=== What you have to do ===
Make an exact copy of the records below, excluding images.

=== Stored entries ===
◇ ◇ ◇ ◇

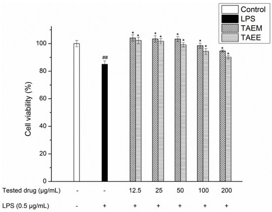 Cytotoxicity of TAEM and TAEE in Lipopolysaccharide-stimulated RAW264.7 cells. Data are expressed as mean ± SD (n = 3). ## p < 0.05 compared with control group. * p < 0.05 compared with LPS treatment group.
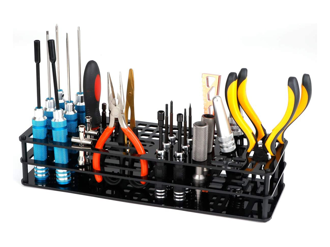 Organizer wykonany z czarnego błyszczącego poliwęglanu posiada łącznie 63 okrągłe i kwadratowe otwory w górnej części do wkładania różnych narzędzi, takich jak śrubokręty, pęsety, szczypce itp. Organizer jest szczególnie przydatny do przechowywania narzędzi na biurku, których często używasz i nieefektywne jest ciągłe chowanie ich w pudełkach i skrzynkach.
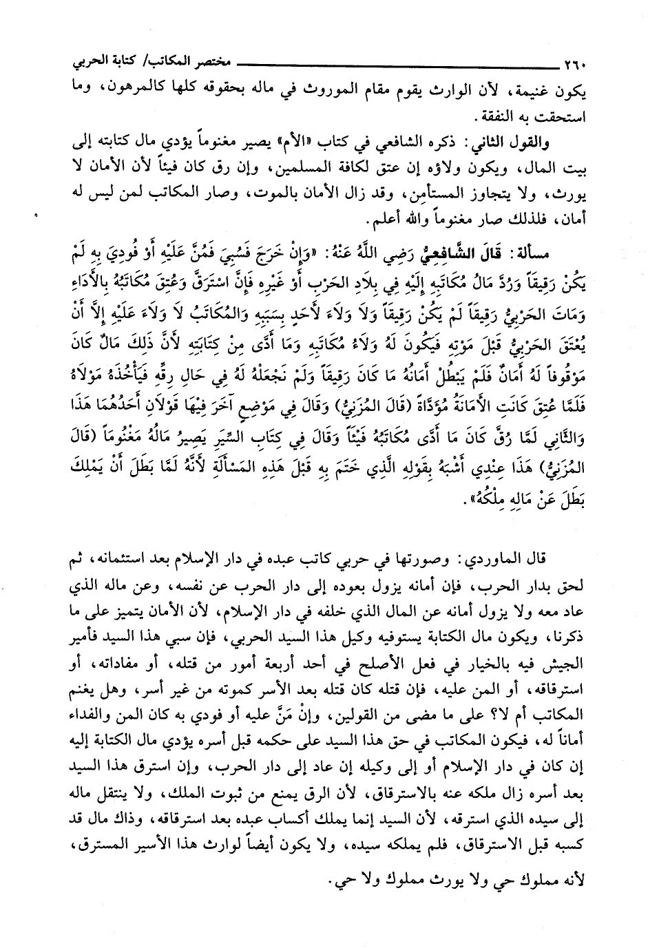 قَالَ الْمَاوَرْدِيُّ: وَصُورَتُهَا فِي حَرْبِيٍّ كَاتَبَ عَبْدَهُ فِي دَارِ الْإِسْلَامِ بَعْدَ اسْتِئْمَانِهِ، ثُمَّ لَحِقَ بِدَارِ الْحَرْبِ، فَإِنَّ أَمَانَهُ يَزُولُ بِعَوْدِهِ إِلَى دَارِ الْحَرْبِ عَنْ نَفْسِهِ، وَعَنْ مَالِهِ الَّذِي عَادَ مَعَهُ وَلَا يَزُولُ أَمَانُهُ عَنِ الْمَالِ الَّذِي خَلَّفَهُ فِي دَارِ الْإِسْلَامِ، لِأَنَّ الْأَمَانَ يَتَمَيَّزُ عَلَى مَا ذَكَرْنَا، وَيَكُونُ مَالُ الْكِتَابَةِ يَسْتَوْفِيهِ وَكِيلُ هَذَا السَّيِّدِ الْحَرْبِيِّ، فَإِنْ سُبِيَ هَذَا السَّيِّدُ فَأَمِيرُ الْجَيْشِ فِيهِ بِالْخِيَارِ فِي فِعْلِ الْأَصْلَحِ فِي أَحَدِ أَرْبَعَةِ أُمُورٍ مِنْ قَتْلِهِ، أَوْ مُفَادَاتِهِ، أَوِ اسْتِرْقَاقِهِ، أَوِ الْمَنِّ عَلَيْهِ، فَإِنْ قَتَلَهُ كَانَ قَتْلُهُ بَعْدَ الْأَسْرِ كَمَوْتِهِ مِنْ غَيْرِ أَسْرٍ، وَهَلْ يُغْنَمُ الْمُكَاتَبُ أَمْ لَا؟ عَلَى مَا مَضَى مِنَ الْقَوْلَيْنِ، وَإِنْ مَنَّ عَلَيْهِ أَوْ فُودِيَ بِهِ كَانَ الْمَنُّ وَالْفِدَاءُ أَمَانًا لَهُ، فَيَكُونُ الْمُكَاتَبُ فِي حَقِّ هَذَا السَّيِّدِ عَلَى حُكْمِهِ قَبْلَ أَسْرِهِ يُؤَدِّي مَالَ الْكِتَابَةِ إِلَيْهِ إِنْ كَانَ فِي دَارِ الْإِسْلَامِ أَوْ إِلَى وَكِيلِهِ إِنْ عَادَ إِلَى دَارِ الْحَرْبِ، وَإِنِ اسْتُرِقَّ هَذَا السَّيِّدُ بَعْدَ أَسْرِهِ زَالَ مِلْكُهُ عَنْهُ بِالِاسْتِرْقَاقِ، لِأَنَّ الرِّقَّ يَمْنَعُ مِنْ ثُبُوتِ الْمِلْكِ، وَلَا يَنْتَقِلُ مَالُهُ إِلَى سَيِّدِهِ الَّذِي اسْتَرَقَّهُ، لِأَنَّ السَّيِّدَ إِنَّمَا يَمْلِكُ أَكْسَابَ عَبْدِهِ بَعْدَ اسْتِرْقَاقِهِ، وَذَاكَ مَالٌ قَدْ كَسَبَهُ قَبْلَ الِاسْتِرْقَاقِ، فَلَمْ يَمْلِكْهُ سَيِّدُهُ، وَلَا يَكُونُ أَيْضًا لِوَارِثِ هَذَا الأٍسير الْمُسْتَرَقِّ، لِأَنَّهُ مَمْلُوكٌ حَيٌّ وَلَا يُورَثُ مَمْلُوكٌ ولا حي.
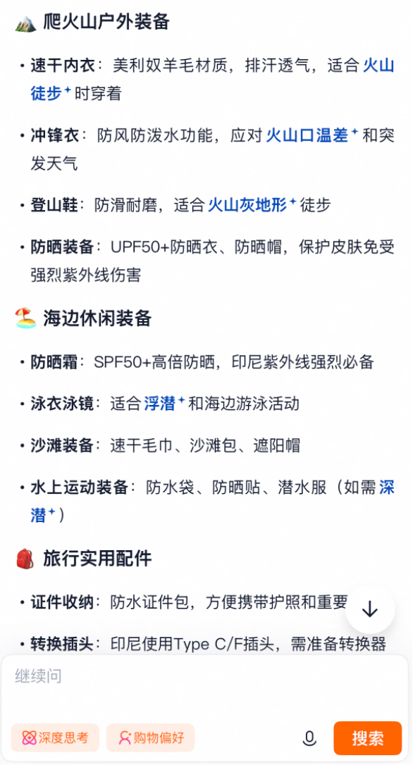 比如先问它,“想去东南亚某地旅游,行程包括爬山和去海边,需要准备哪些东西?”几秒钟后,AI生成了一份详细的出行清单,分类清晰,包括户外装备、防晒用品、实用配件等。更方便的是,在回答中点击蓝色关键词,就能直接跳转至搜索结果,便于你选购相关商品。
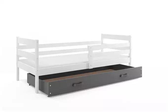 ERYK 90X200 jaunimo viengulė lova su čiužiniu ir stalčiumi, balta/grafito spalvos
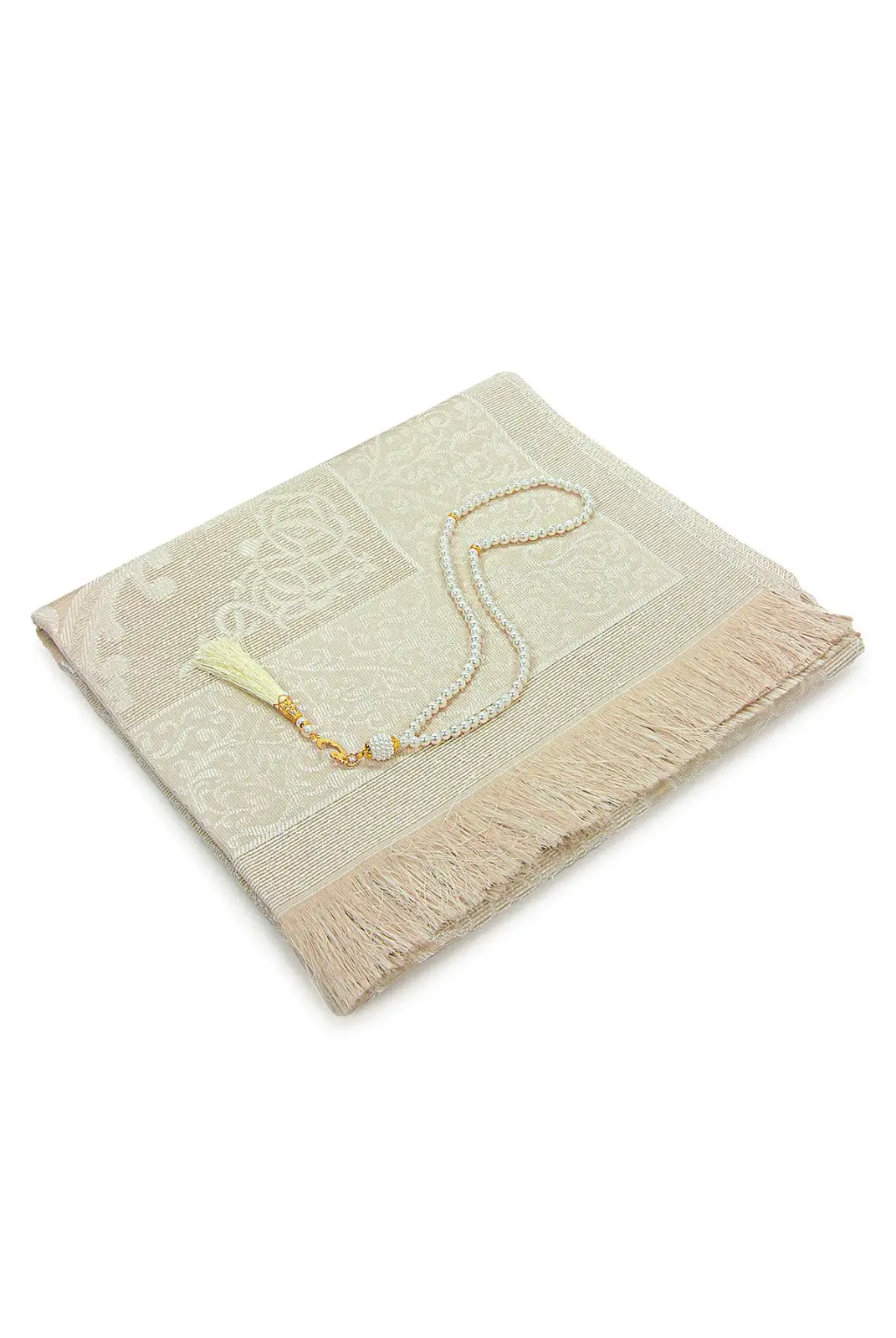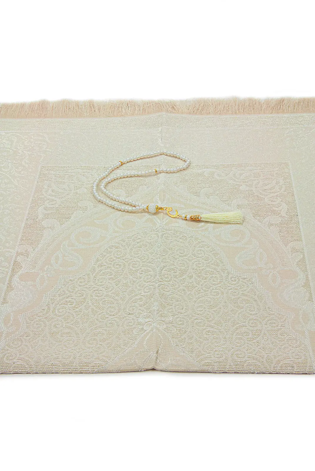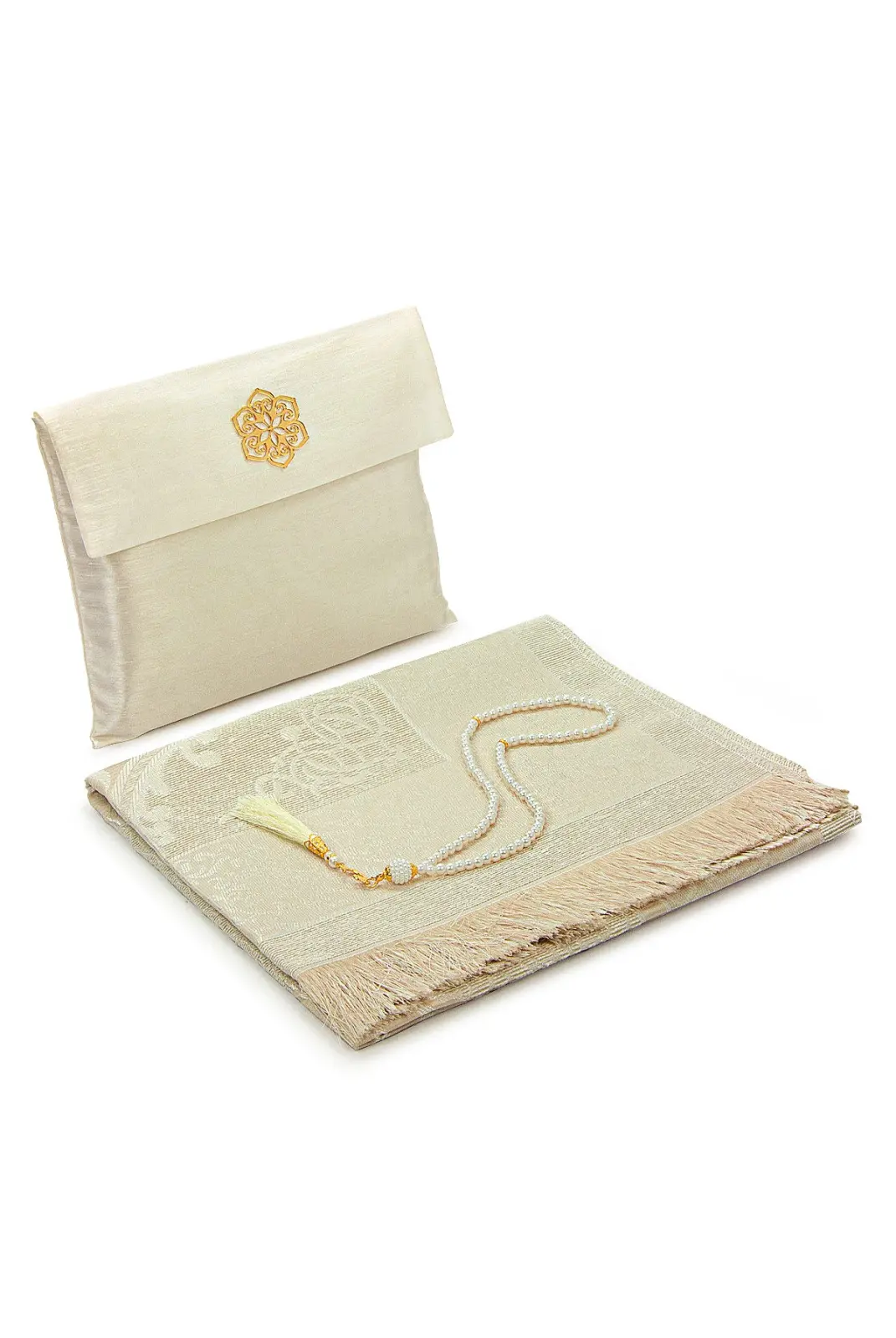 Hediyelik Şantuk Çantalı, Tesbihli, Çeyizlik Seccade Seti - Krem

◇ ◇ ◇ ◇

=== Response to this exercise ===
 Cytotoxicity of TAEM and TAEE in Lipopolysaccharide-stimulated RAW264.7 cells. Data are expressed as mean ± SD (n = 3). ## p < 0.05 compared with control group. * p < 0.05 compared with LPS treatment group.
 Organizer wykonany z czarnego błyszczącego poliwęglanu posiada łącznie 63 okrągłe i kwadratowe otwory w górnej części do wkładania różnych narzędzi, takich jak śrubokręty, pęsety, szczypce itp. Organizer jest szczególnie przydatny do przechowywania narzędzi na biurku, których często używasz i nieefektywne jest ciągłe chowanie ich w pudełkach i skrzynkach.
 قَالَ الْمَاوَرْدِيُّ: وَصُورَتُهَا فِي حَرْبِيٍّ كَاتَبَ عَبْدَهُ فِي دَارِ الْإِسْلَامِ بَعْدَ اسْتِئْمَانِهِ، ثُمَّ لَحِقَ بِدَارِ الْحَرْبِ، فَإِنَّ أَمَانَهُ يَزُولُ بِعَوْدِهِ إِلَى دَارِ الْحَرْبِ عَنْ نَفْسِهِ، وَعَنْ مَالِهِ الَّذِي عَادَ مَعَهُ وَلَا يَزُولُ أَمَانُهُ عَنِ الْمَالِ الَّذِي خَلَّفَهُ فِي دَارِ الْإِسْلَامِ، لِأَنَّ الْأَمَانَ يَتَمَيَّزُ عَلَى مَا ذَكَرْنَا، وَيَكُونُ مَالُ الْكِتَابَةِ يَسْتَوْفِيهِ وَكِيلُ هَذَا السَّيِّدِ الْحَرْبِيِّ، فَإِنْ سُبِيَ هَذَا السَّيِّدُ فَأَمِيرُ الْجَيْشِ فِيهِ بِالْخِيَارِ فِي فِعْلِ الْأَصْلَحِ فِي أَحَدِ أَرْبَعَةِ أُمُورٍ مِنْ قَتْلِهِ، أَوْ مُفَادَاتِهِ، أَوِ اسْتِرْقَاقِهِ، أَوِ الْمَنِّ عَلَيْهِ، فَإِنْ قَتَلَهُ كَانَ قَتْلُهُ بَعْدَ الْأَسْرِ كَمَوْتِهِ مِنْ غَيْرِ أَسْرٍ، وَهَلْ يُغْنَمُ الْمُكَاتَبُ أَمْ لَا؟ عَلَى مَا مَضَى مِنَ الْقَوْلَيْنِ، وَإِنْ مَنَّ عَلَيْهِ أَوْ فُودِيَ بِهِ كَانَ الْمَنُّ وَالْفِدَاءُ أَمَانًا لَهُ، فَيَكُونُ الْمُكَاتَبُ فِي حَقِّ هَذَا السَّيِّدِ عَلَى حُكْمِهِ قَبْلَ أَسْرِهِ يُؤَدِّي مَالَ الْكِتَابَةِ إِلَيْهِ إِنْ كَانَ فِي دَارِ الْإِسْلَامِ أَوْ إِلَى وَكِيلِهِ إِنْ عَادَ إِلَى دَارِ الْحَرْبِ، وَإِنِ اسْتُرِقَّ هَذَا السَّيِّدُ بَعْدَ أَسْرِهِ زَالَ مِلْكُهُ عَنْهُ بِالِاسْتِرْقَاقِ، لِأَنَّ الرِّقَّ يَمْنَعُ مِنْ ثُبُوتِ الْمِلْكِ، وَلَا يَنْتَقِلُ مَالُهُ إِلَى سَيِّدِهِ الَّذِي اسْتَرَقَّهُ، لِأَنَّ السَّيِّدَ إِنَّمَا يَمْلِكُ أَكْسَابَ عَبْدِهِ بَعْدَ اسْتِرْقَاقِهِ، وَذَاكَ مَالٌ قَدْ كَسَبَهُ قَبْلَ الِاسْتِرْقَاقِ، فَلَمْ يَمْلِكْهُ سَيِّدُهُ، وَلَا يَكُونُ أَيْضًا لِوَارِثِ هَذَا الأٍسير الْمُسْتَرَقِّ، لِأَنَّهُ مَمْلُوكٌ حَيٌّ وَلَا يُورَثُ مَمْلُوكٌ ولا حي.
 比如先问它,“想去东南亚某地旅游,行程包括爬山和去海边,需要准备哪些东西?”几秒钟后,AI生成了一份详细的出行清单,分类清晰,包括户外装备、防晒用品、实用配件等。更方便的是,在回答中点击蓝色关键词,就能直接跳转至搜索结果,便于你选购相关商品。
 ERYK 90X200 jaunimo viengulė lova su čiužiniu ir stalčiumi, balta/grafito spalvos
 Hediyelik Şantuk Çantalı, Tesbihli, Çeyizlik Seccade Seti - Krem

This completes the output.